For reference, see section 7.2 of "Arm C Language Extensions for SVE - Version 00bet4"

Diff Detail

Event Timeline

fpetrogalli created this revision.Jun 18 2020, 8:22 PM
Herald added projects: Restricted Project, Restricted Project. · View Herald Transcript
sdesmalen added inline comments.Jun 19 2020, 2:01 AM
clang/include/clang/Basic/arm_sve.td
494

The types for these intrinsics are always svfloat32_t and svbfloat16_t, which given their semantics is unlikely to ever be extended to other types, so it's easier to make the LLVM IR non-overloaded (i.e. hardcoding llvm_nxv4f32_ty and llvm_nxv8bf16_ty) and using the IsOverloadNone flag for these builtins.

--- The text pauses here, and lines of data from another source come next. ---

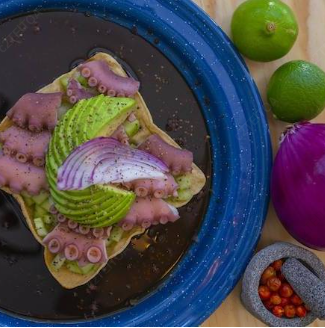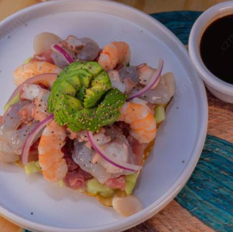 Pulpo, camarón crudo y láminas de atún. Acompañados de pepino, cebolla morada, pimienta negra y aguacate.
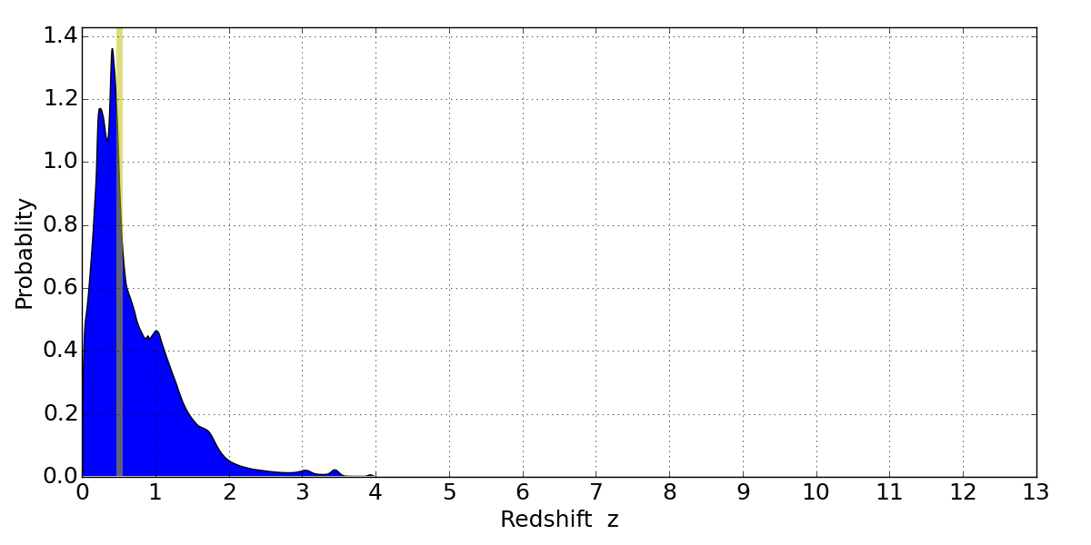 In P(z) plots: Yellow lines mark the cluster redshift z = 0.505,
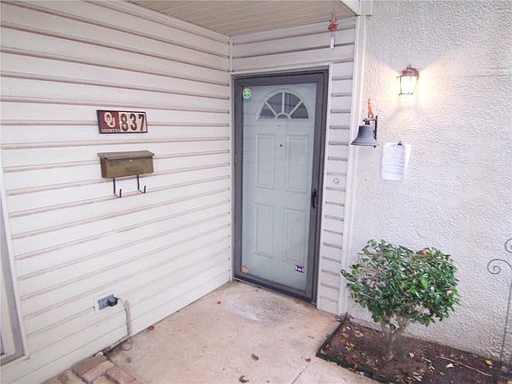 This condo is more like a duplex. It's a one-story unit that only shares one common wall with the next door neighbor. It's just inside the gated entry and surrounded by the green belt on two sides, so it's cozy and somewhat secluded. There's a nice front porch and two patio areas to enjoy the backyard. Yes, there is a backyard that is extremely rare with condos. The backyard is ample sized for a swing set, trampoline or just for enjoying the outdoors. Inside there are three nice bedrooms, all with walk-in closets and a living room with a fireplace and built-in bookcase. There are two full bathrooms. There is a galley kitchen with a pantry, breakfast room and borders the dining room. There's also a large storage room off the main patio. It has a long bench/counter top that would be good for hobby and craft work. There's also a loft storage area that helps to make the most out of this rare storage room. This one is a special one, with features uncommon to most condos.
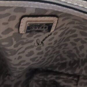 The interior is lined with signature GUESS leopard logo fabric and includes one zip pocket and three slip pockets to keep essentials organized. Originally came with a leather crossbody strap — replaced with a 46" silver chain strap that doubles as a stylish front drape when not in use.
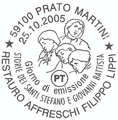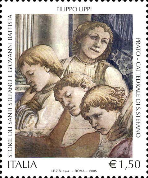riproduce un particolare degli affreschi del ciclo pittorico "Storie dei Santi Stefano e Giovanni Battista" realizzati da Filippo Lippi dal 1452 al 1465 nella Cappella Maggiore della Cattedrale di Santo Stefano, in Prato. Completano il francobollo le leggende "STORIE DEI SANTI STEFANO E GIOVANNI BATTISTA", "FILIPPO LIPPI" e "PRATO - CATTEDRALE DI S.STEFANO", la scritta "ITALIA" ed il rispettivo valore.
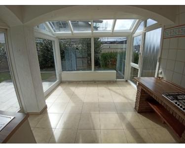 - Geflieste Terrasse an der Hauptwohnung mit elektrischer Markise
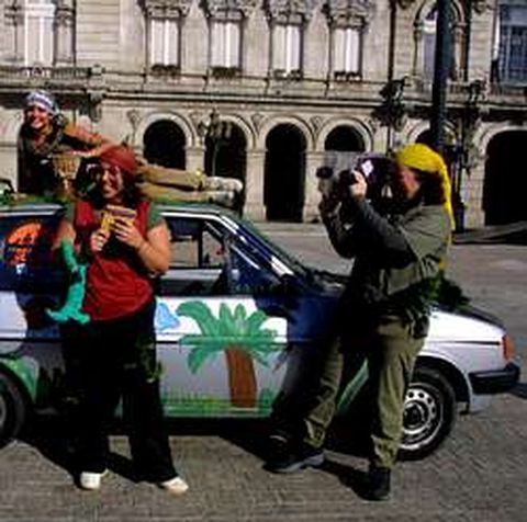21 feb 2004 . Actualizado a las 06:00 h.?omenzaron desayunando ajos crudos en la Plaza de María Pita. Los cinco grupos participantes en la novena edición del Rally Humorístico, organizado por una asociación universitaria, son reincidentes e incorregibles. La mayoría reconocía ayer que están enganchados a esta competición de carácter benéfico (la recaudación se destina a la Cocina Económica), pero basada en superar pruebas por toda la ciudad. «Yo hace años que dejé la facultad, pero me gusta participar a pesar de que algunos años ha sido muy duro, pero siempre divertidísimo», asegura una joven que junto a cuatro amigos disfrazó un vehículo de arbusto para que hiciese juego con sus atuendos. «Vamos de La isla de los no famosos , hemos estado tres meses en Cecebre. Mira los cocodrilos más tremendos a los que nos hemos tenido que enfrentar», añadía una compañera del grupo, señalando un peluche infantil. «Sin faltar, que yo voy de mariquito», exclamaba el único hombre que acompañaba al grupo e iba vestido de mariquita. «Un año una de las pruebas fue comer un gusano vivo !Hasta las chicas lo hicieron!», recordaba otro participante. Al final, su buen humor tuvo premio. El ganador fue La isla de los no famosos .
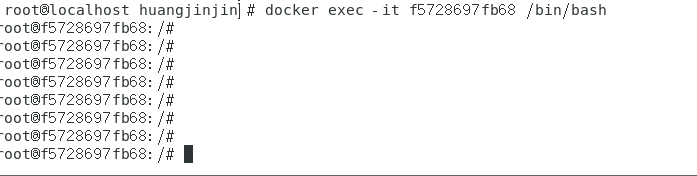 docker exec -it f5728697fb68 /bin/bash

Then you can express this builtin as:

def SVBFDOT: SInst<"svbfdot[_{0}]",  "MMdd", "b", MergeNone, "aarch64_sve_bfdot">;

and drop the need for the $ modifier.

498

Similar to the suggestion above to use "MMdd" for SVBFDOT, this could use "MMda" and you don't need the ~ modifier.

nit: add whitespace above this line.
nit: the rest of this file tries to align the columns, that makes this file a bit easier to read.

1032

nit: redundant comment (same for above)

clang/test/CodeGen/aarch64-sve-intrinsics/acle_sve_bfdot.c
27

Testing the edge cases 0 and 3 should be sufficient. (same for all other cases in this patch)

llvm/include/llvm/IR/IntrinsicsAArch64.td
1343

nit: SVE_bfloat is not very descriptive, maybe use SVE_4Vec_BF16 and SVE_4Vec_BF16_Indexed?

1811

nit: use fcvtbf instead of cvt => int_aarch64_sve_fcvtbf_bf16f32 ?

fpetrogalli marked 7 inline comments as done.

Thank you for the review @sdesmalen!

Francesco

llvm/include/llvm/IR/IntrinsicsAArch64.td
1811

Renamed to int_aarch64_sve_fcvt_bf16f32 and int_aarch64_sve_fcvtnt_bf16f32 respectively, because I think it wouldn't make sense to add the bf suffix to the cvtnt version of the intrinsic.

sdesmalen accepted this revision.Jun 22 2020, 12:35 AM

LGTM

llvm/include/llvm/IR/IntrinsicsAArch64.td
1811

I meant to write int_aarch64_sve_bfcvt_bf16f32. This seems consistent with all other intrinsics (fcvt, fcvtzu, scvtf, etc.) that use the name of the instruction directly in the name of the intrinsic.

This revision is now accepted and ready to land.Jun 22 2020, 12:35 AM
sdesmalen added inline comments.Jun 22 2020, 12:36 AM
llvm/include/llvm/IR/IntrinsicsAArch64.td
1345

nit: keep this on one line.

Formatting changes. NFC.

This revision was automatically updated to reflect the committed changes.